Whole Sample | “LD” Sample | |
---|---|---|

VC | 0.80 | 0.60 |

PR | 0.73 | 0.16 |

WM | 0.71 | 0.32 |

PS | 0.53 | −0.51 |

Because the PS factor has the lowest *g*-loading in the whole sample, it is most frequently the score that is out of sync with the others and thus is negatively correlated with the other tests in the “LD” sample.
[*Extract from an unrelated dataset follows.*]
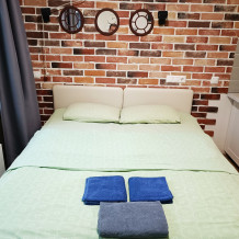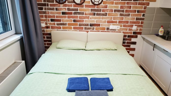 В комнате двуспальная кровать, обеденный стол со стульями, встроенная кухня с мебелью, техникой, посудой и столовыми приборами. Интернет Wi-Fi, большой SMART-TV на 150 каналов, глаженное постельное белье и полотенца. Санузел с душевой кабиной и стиральной машиной.

In the paper referenced above, the reduction in *g*-loadings was not nearly as severe as in this demonstration, most likely because clinicians frequently observe specific processing deficits in tests outside the WISC. Thus many people with learning disorders have perfectly normal-looking WISC profiles; their deficits lie elsewhere. A mixture of ordinary and unusual WISC profiles can easily produce the moderately lowered *g*-loadings observed in the paper.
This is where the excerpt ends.